Segment Start: AVAILABLE RECORDS
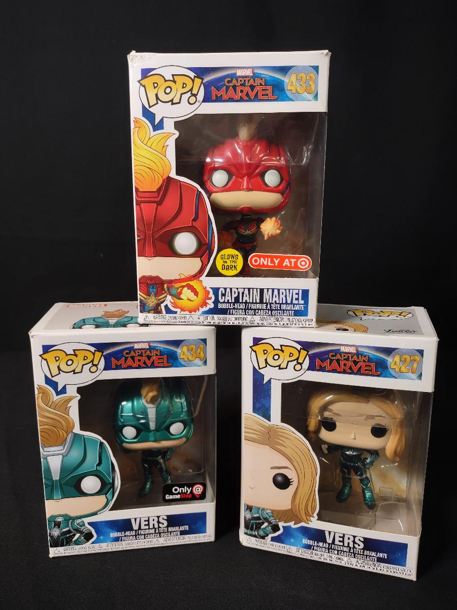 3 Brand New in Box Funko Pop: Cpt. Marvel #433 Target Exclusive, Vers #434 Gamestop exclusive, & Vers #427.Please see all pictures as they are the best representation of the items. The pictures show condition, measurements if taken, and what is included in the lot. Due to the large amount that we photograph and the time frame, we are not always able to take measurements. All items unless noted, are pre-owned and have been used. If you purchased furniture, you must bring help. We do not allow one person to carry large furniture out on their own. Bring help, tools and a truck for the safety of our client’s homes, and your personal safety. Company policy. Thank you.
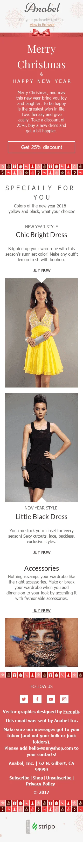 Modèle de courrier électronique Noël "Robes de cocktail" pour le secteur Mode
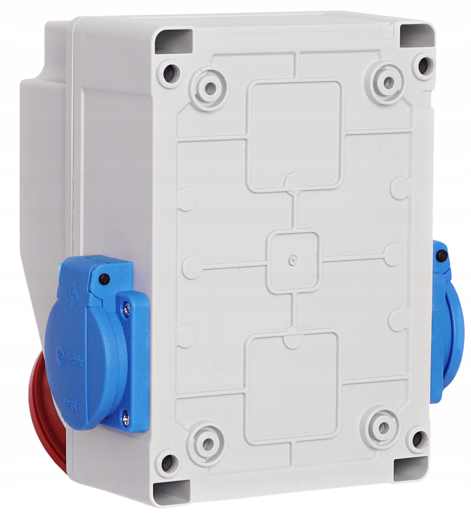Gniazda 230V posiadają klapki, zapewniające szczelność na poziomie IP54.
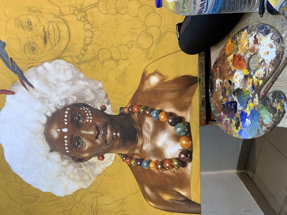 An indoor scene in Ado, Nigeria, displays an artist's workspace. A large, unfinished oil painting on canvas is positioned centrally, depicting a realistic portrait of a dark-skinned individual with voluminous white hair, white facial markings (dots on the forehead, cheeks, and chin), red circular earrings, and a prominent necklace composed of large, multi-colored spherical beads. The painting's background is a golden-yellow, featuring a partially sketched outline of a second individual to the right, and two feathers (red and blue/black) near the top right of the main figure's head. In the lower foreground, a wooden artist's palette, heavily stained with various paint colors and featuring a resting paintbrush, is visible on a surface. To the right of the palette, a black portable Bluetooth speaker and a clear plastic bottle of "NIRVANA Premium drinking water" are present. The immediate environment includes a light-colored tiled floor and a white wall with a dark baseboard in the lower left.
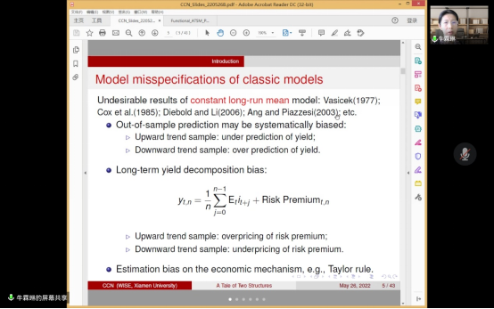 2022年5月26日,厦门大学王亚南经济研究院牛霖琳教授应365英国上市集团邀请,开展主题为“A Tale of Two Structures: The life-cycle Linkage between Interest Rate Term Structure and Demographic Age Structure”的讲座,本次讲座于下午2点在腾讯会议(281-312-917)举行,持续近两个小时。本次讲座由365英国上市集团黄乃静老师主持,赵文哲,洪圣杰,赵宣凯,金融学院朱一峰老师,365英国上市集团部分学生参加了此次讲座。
Segment End: AVAILABLE RECORDS
Segment Start: AVAILABLE RECORDS
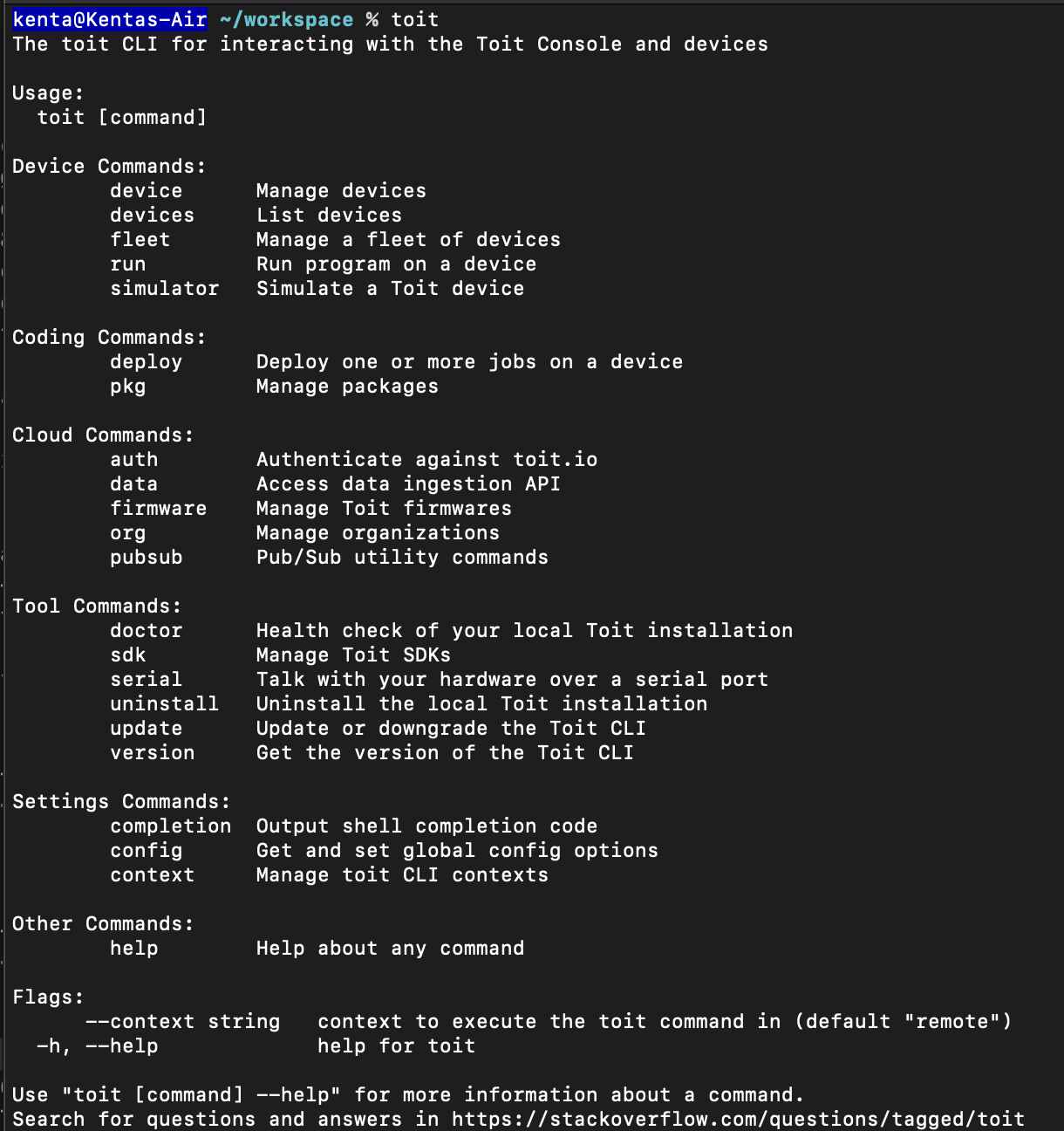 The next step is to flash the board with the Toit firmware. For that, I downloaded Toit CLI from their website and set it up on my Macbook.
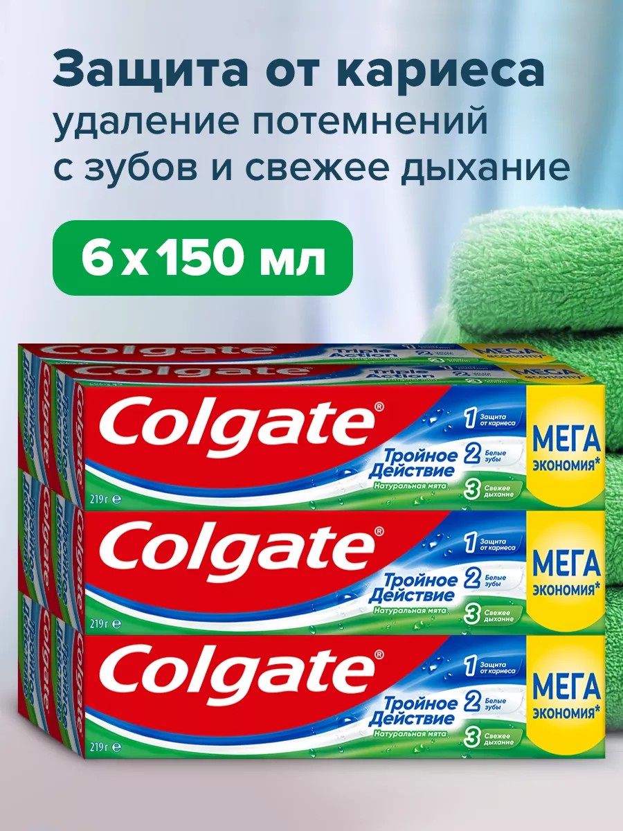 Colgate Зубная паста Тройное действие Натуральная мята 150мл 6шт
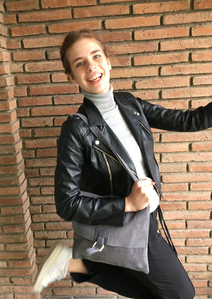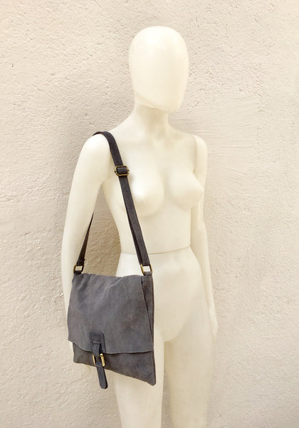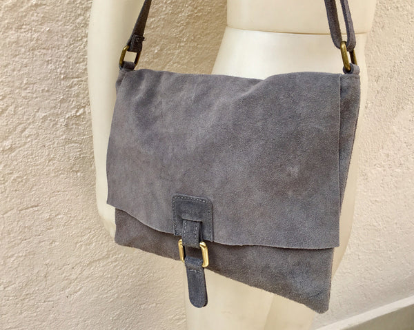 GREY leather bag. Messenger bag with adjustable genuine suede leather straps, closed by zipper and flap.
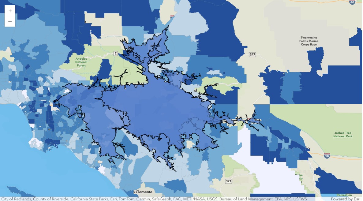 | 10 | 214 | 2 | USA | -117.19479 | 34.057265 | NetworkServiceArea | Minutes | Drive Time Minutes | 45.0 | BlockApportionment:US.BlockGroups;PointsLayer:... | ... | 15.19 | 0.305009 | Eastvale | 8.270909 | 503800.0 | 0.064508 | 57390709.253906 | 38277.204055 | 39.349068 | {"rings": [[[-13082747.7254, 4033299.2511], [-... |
Segment End: AVAILABLE RECORDS
◆ THE TASK ◆
Using the records above, return verbatim only the part that opens with the line containing "The next step" and closes with the line containing "GREY leather bag."; pictures stay out.

◆ ANSWER SPACE ◆
 The next step is to flash the board with the Toit firmware. For that, I downloaded Toit CLI from their website and set it up on my Macbook.
 Colgate Зубная паста Тройное действие Натуральная мята 150мл 6шт
 GREY leather bag. Messenger bag with adjustable genuine suede leather straps, closed by zipper and flap.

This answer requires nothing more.